### [HOW TO COMPLETE THIS TASK]
Look below for the line that contains "애로우헤드 게임 스튜디오는", and write out exactly that line and all remaining lines of the listing, omitting pictures.
· · · ·
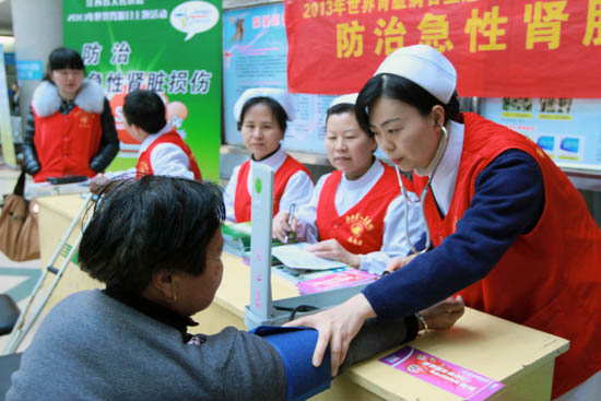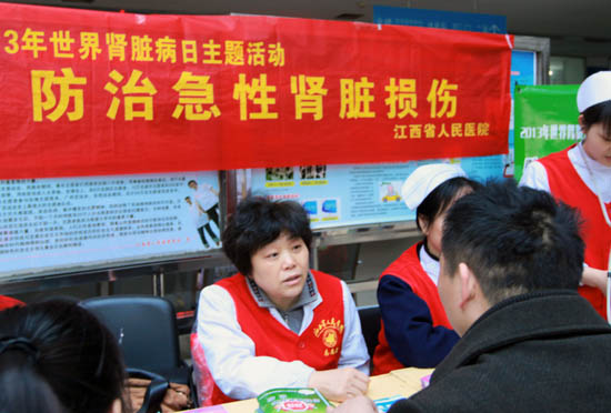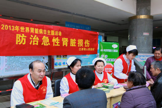 3月14日是第八个世界肾脏病日,本次肾脏日活动主题是“防治急性肾脏损伤”。上午8时,来自我院肾内科的十余名医护志愿者,在门诊大厅开展了大型公益义诊宣传活动,普及肾脏病常识,宣传保护肾脏的重要性,提高人们主动防治慢性肾脏病的意识和知识。
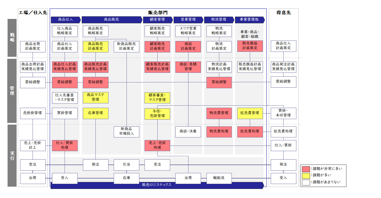 さらに、業務鳥観図に課題をマッピングし、全体感をもって課題を整理することが重要です。
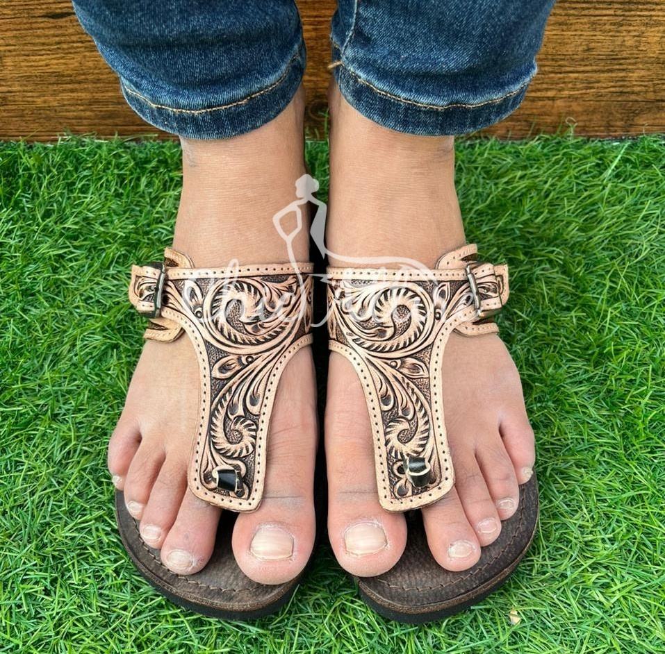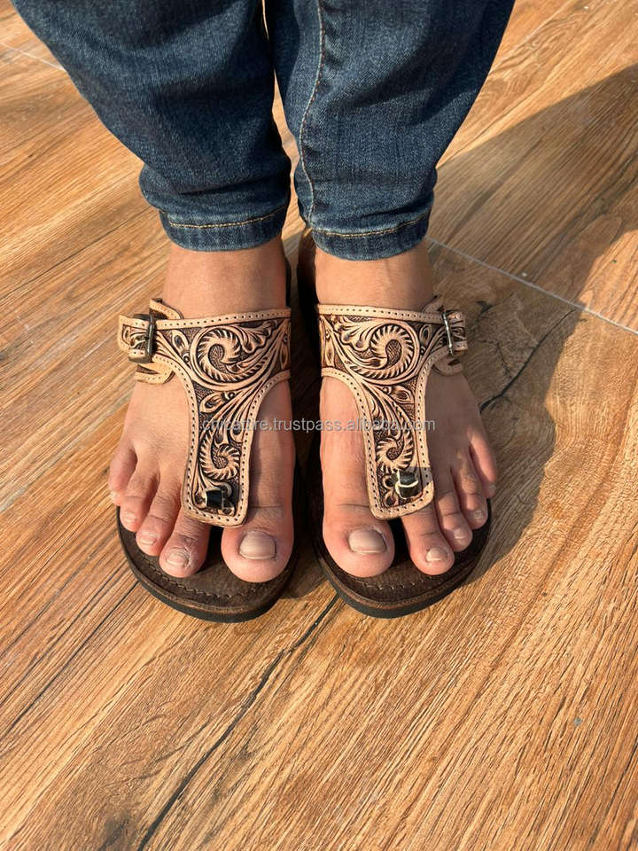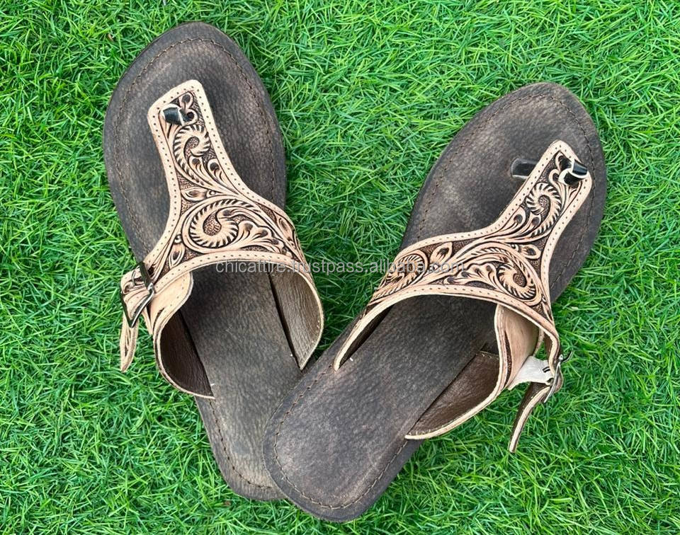 Real Handmade Genuine Women Western Stylish Tooled Leather Casual Outdoor Flipflop Flat Flower Footwear Open Brown Toe Sandals
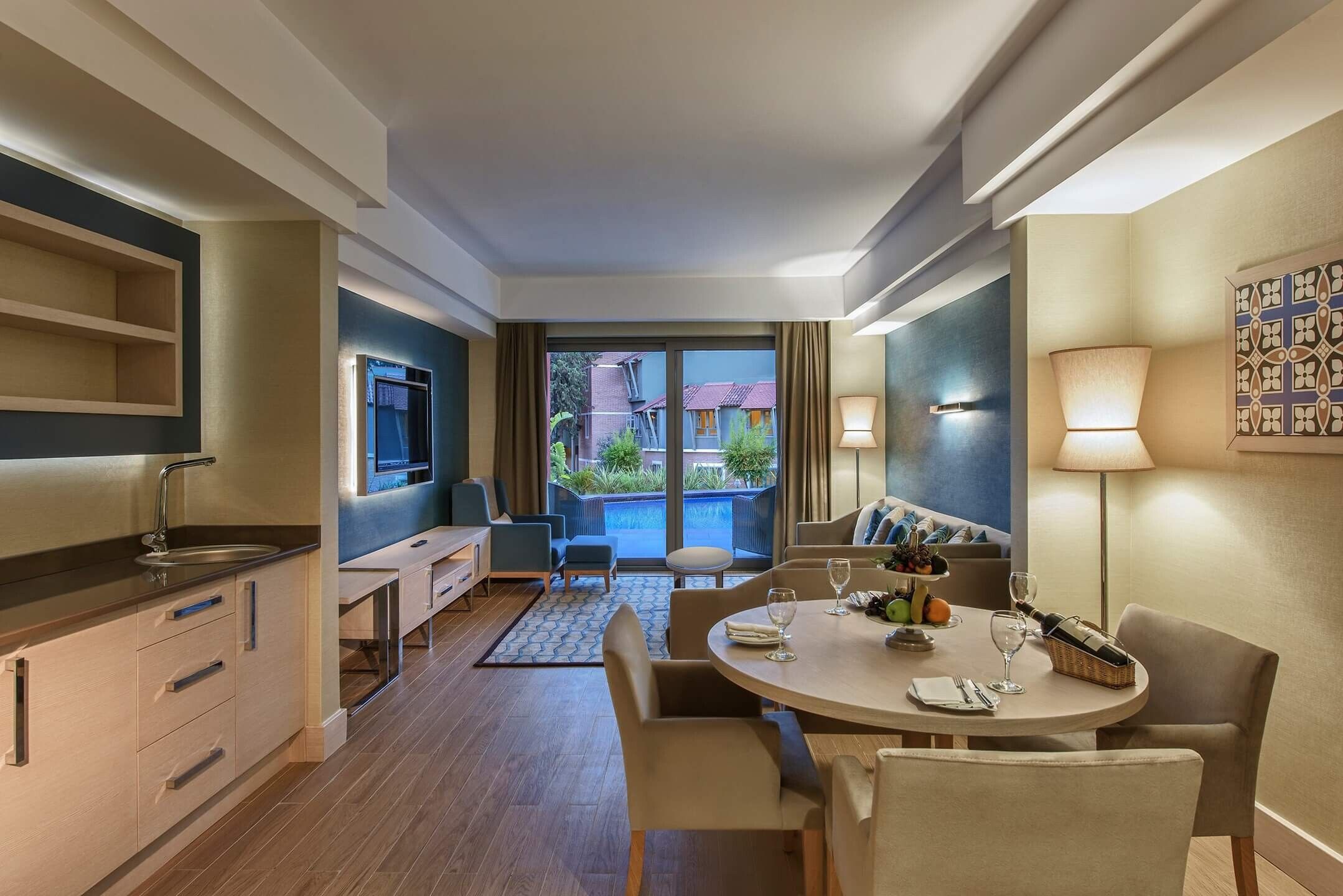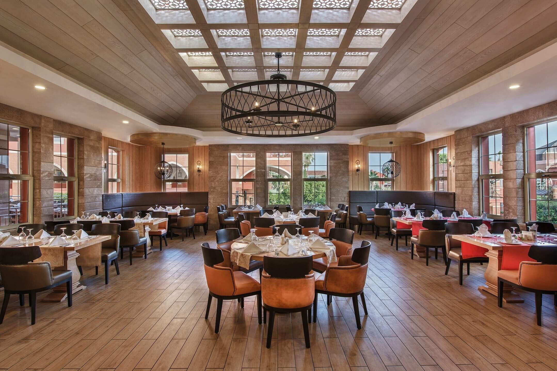 Основен ресторант, 6 ресторанта a-la-carte (китайски, мексикански, италиански, рибен, грил, османски - с предварителна резервация, за едноседмичен престой едно посещение на два ресторанта - безплатно ), 9 бара, 3 открити басейна, закрит басейн, 3 водни пързалки, лекарски кабинет, спа-център, фризьорски салон, търговска алея, пералня, химическо чистене, конферентна зала (за 350 души)
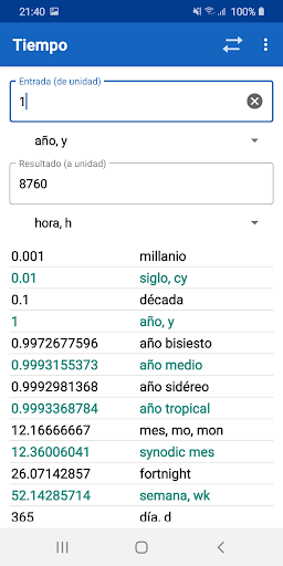 Dispone de los factores de conversión más importantes para unidades de longitud, área, volumen, masa, fuerza, energía, temperatura y tiempo. Y, además, proporciona muchas unidades y categorías altamente especializadas.
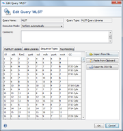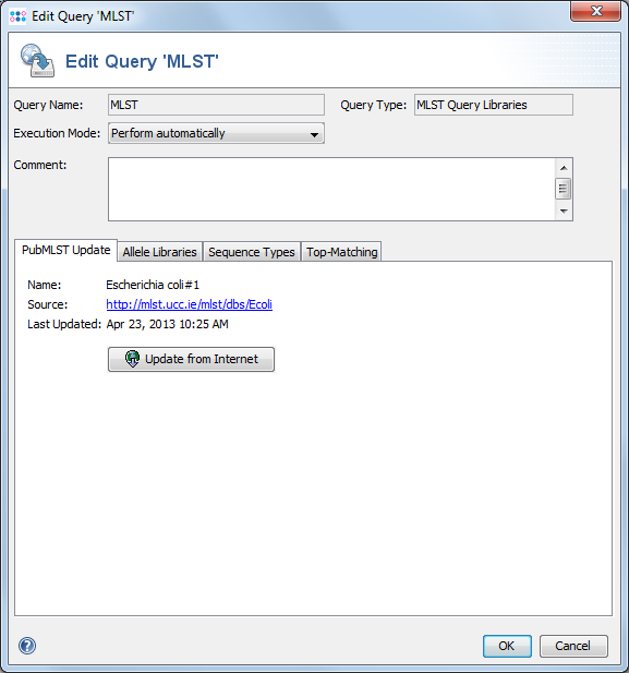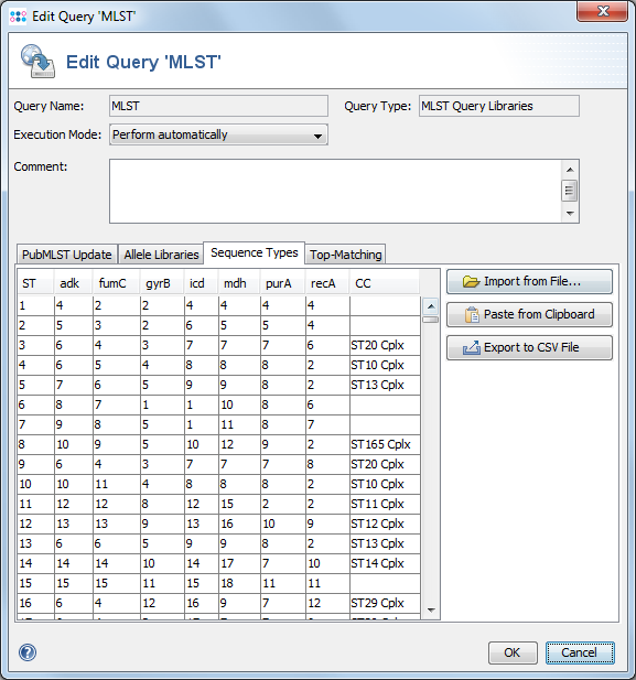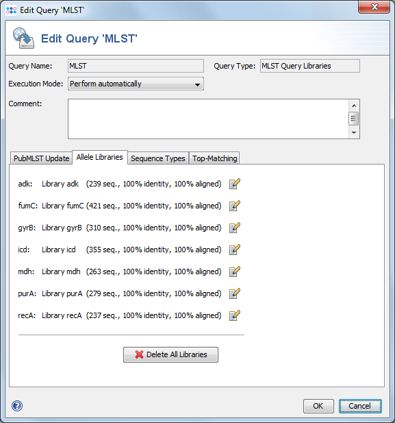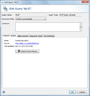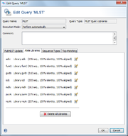 MLST library queries are used to define the classic 5-7 loci MLST allele libraries. For most allelic schemes, the libraries can be automatically downloaded. Plus, the MLST library query can also be defined manually with custom libraries imported from local files.
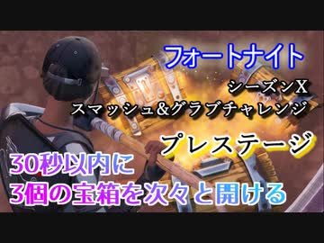 【フォートナイト】シーズンXスマッシュ&グラブチャレンジプレステージ"30秒以内に3個の宝箱を次々と開ける"
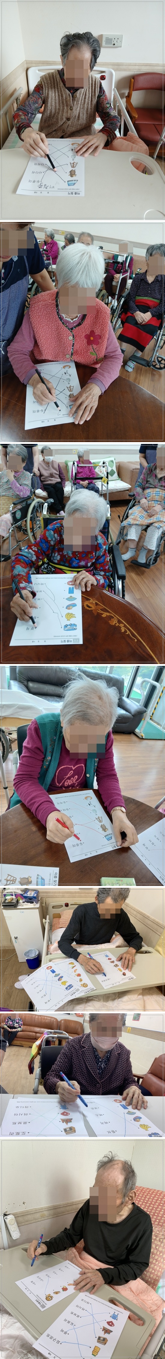 인지기능 프로그램으로 한글공부를 진행하여,
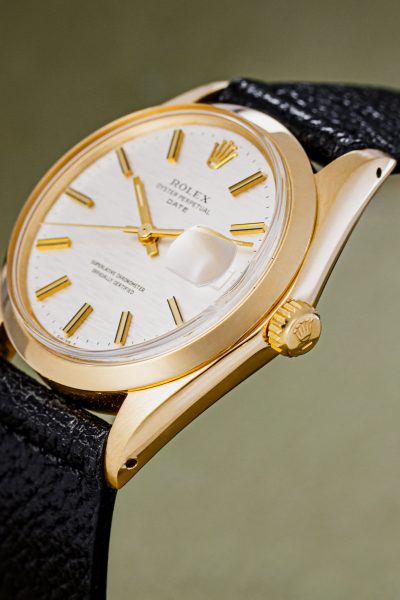The Rolex Date line is perhaps a bit of a hidden gem. Overlooked by the male audience when fashion dictated watches should be big in the early 2000s. Now that the trends are leaning towards smaller again, they are being rediscovered as a pretty great size for both men and women. Of course, there are smaller sizes available as well, but the 34mm is the most common.
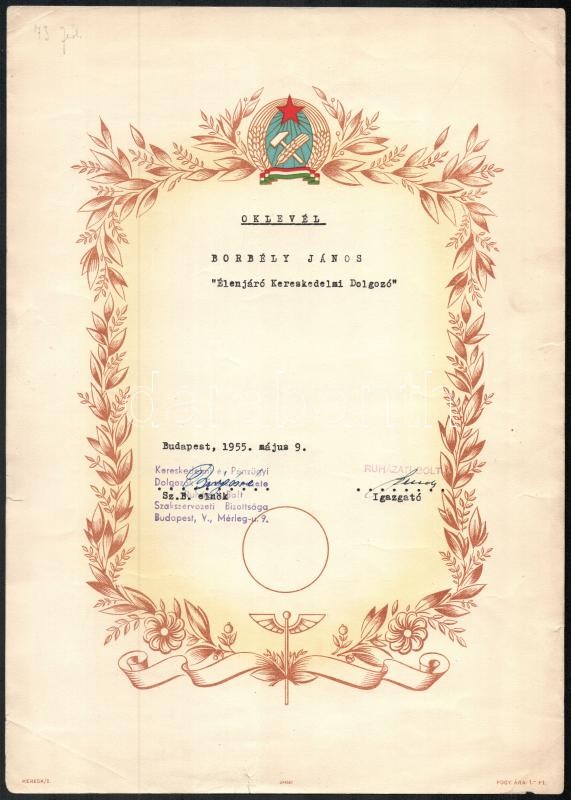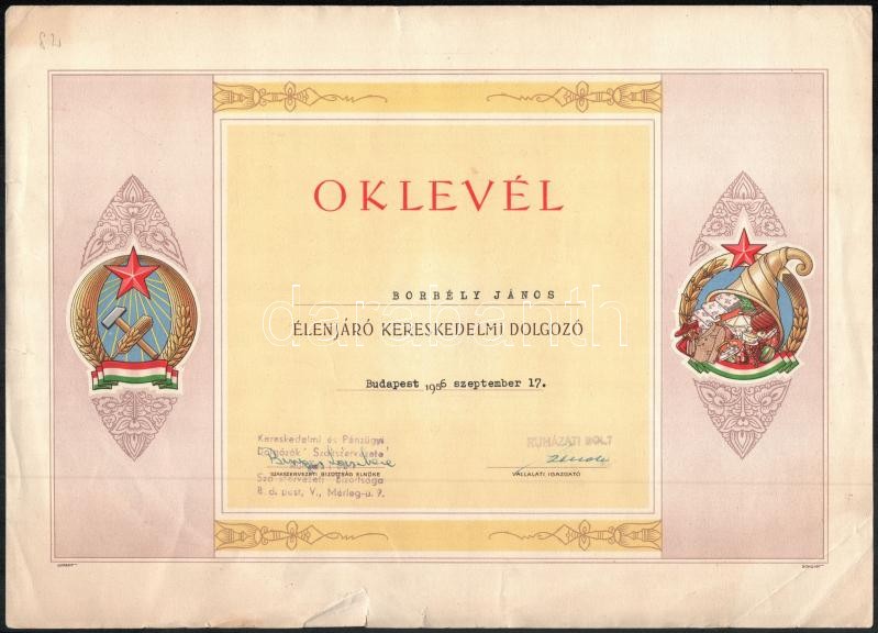 1955-1956 Élenjáró kereskedelmi dolgozó számára kiállított oklevél + 5... https://www.darabanth.com/hu/369-Gyorsarveres/369.0/Mutargy-papirregiseg-egyeb/Okmanyok~500016/1955-1956-Elenjaro-kereskedelmi-dolgozo-szamara-kiallitott-oklevel-plus-5-db-egyeb-oklevel~II2143953
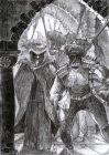 Bald darauf erschienen zwei Wachen, die Mukhtar mit festem Griff vor den Thron des Sultan führten, ihn vor seine Füße warfen und sich gleich darauf ständig buckelnd, rückwärts aus dem
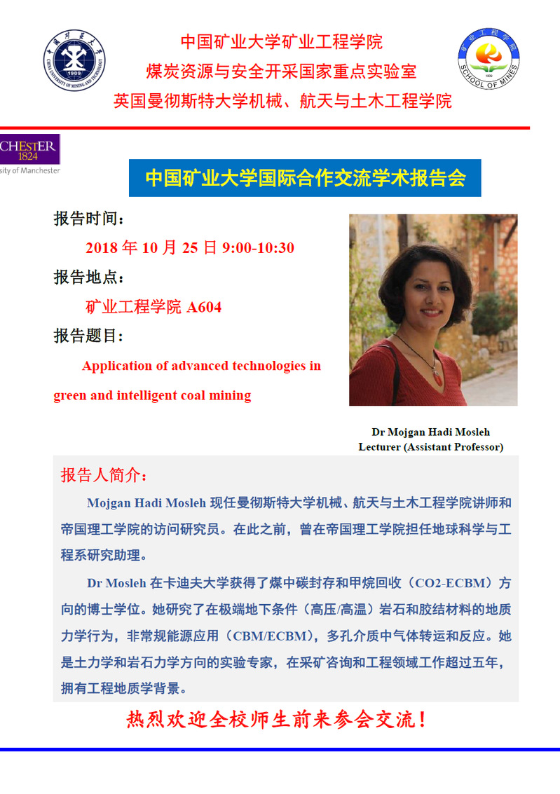 学术会议 首页 - 学科动态 - 学术会议 - 正文 学术报告:Application of advanced technologies in green and intelligent coal mining 作者:董成亮浏览:时间:2018-10-22 新闻来源:英国威廉希尔公司 摄影: 责任编辑: 审核:
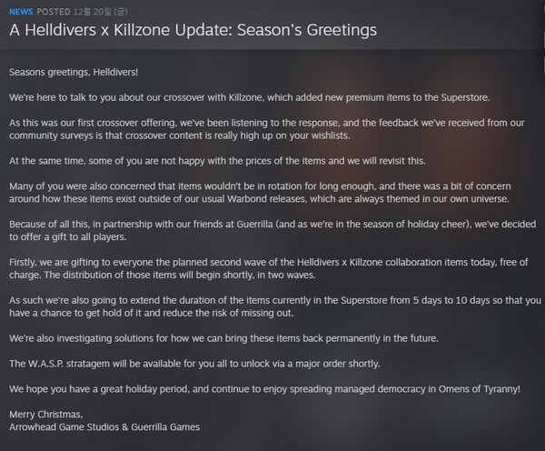 애로우헤드 게임 스튜디오는 20일 헬다이버즈2와 킬존2의 컬래버 아이템 2차 물량을 이용자들에게 무료로 배포하겠다는 공지를 올렸다. 해당 배포는 2차례에 걸쳐 진행될 예정이다.
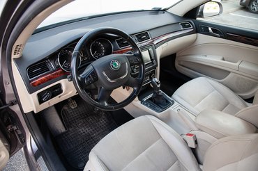 A 2010-es Superb belső dizájnján érződik leginkább, hogy az egy távolinak tűnő kor szülötte. A formák nem túl izgalmasak, cserébe az anyagminőség príma, nem nyiszog semmi, kopás is alig van. Érdekesség, hogy a két műszerfal íve mennyire hasonló, bár ezt tényleg csak akkor lehet észlelni, ha egymás mellett áll a két generáció. Az ülések ebben az esetben is jók, de egy hosszabb ülőlapot elbírnának. Meglepő, hogy bár világos a belső, mégse tűnik szomorúan leéltnek, jól bírja a kiképzést, még a bőrök is szépen tartják magukat.
· · · ·
### [TASK RESPONSE]
 애로우헤드 게임 스튜디오는 20일 헬다이버즈2와 킬존2의 컬래버 아이템 2차 물량을 이용자들에게 무료로 배포하겠다는 공지를 올렸다. 해당 배포는 2차례에 걸쳐 진행될 예정이다.
 A 2010-es Superb belső dizájnján érződik leginkább, hogy az egy távolinak tűnő kor szülötte. A formák nem túl izgalmasak, cserébe az anyagminőség príma, nem nyiszog semmi, kopás is alig van. Érdekesség, hogy a két műszerfal íve mennyire hasonló, bár ezt tényleg csak akkor lehet észlelni, ha egymás mellett áll a két generáció. Az ülések ebben az esetben is jók, de egy hosszabb ülőlapot elbírnának. Meglepő, hogy bár világos a belső, mégse tűnik szomorúan leéltnek, jól bírja a kiképzést, még a bőrök is szépen tartják magukat.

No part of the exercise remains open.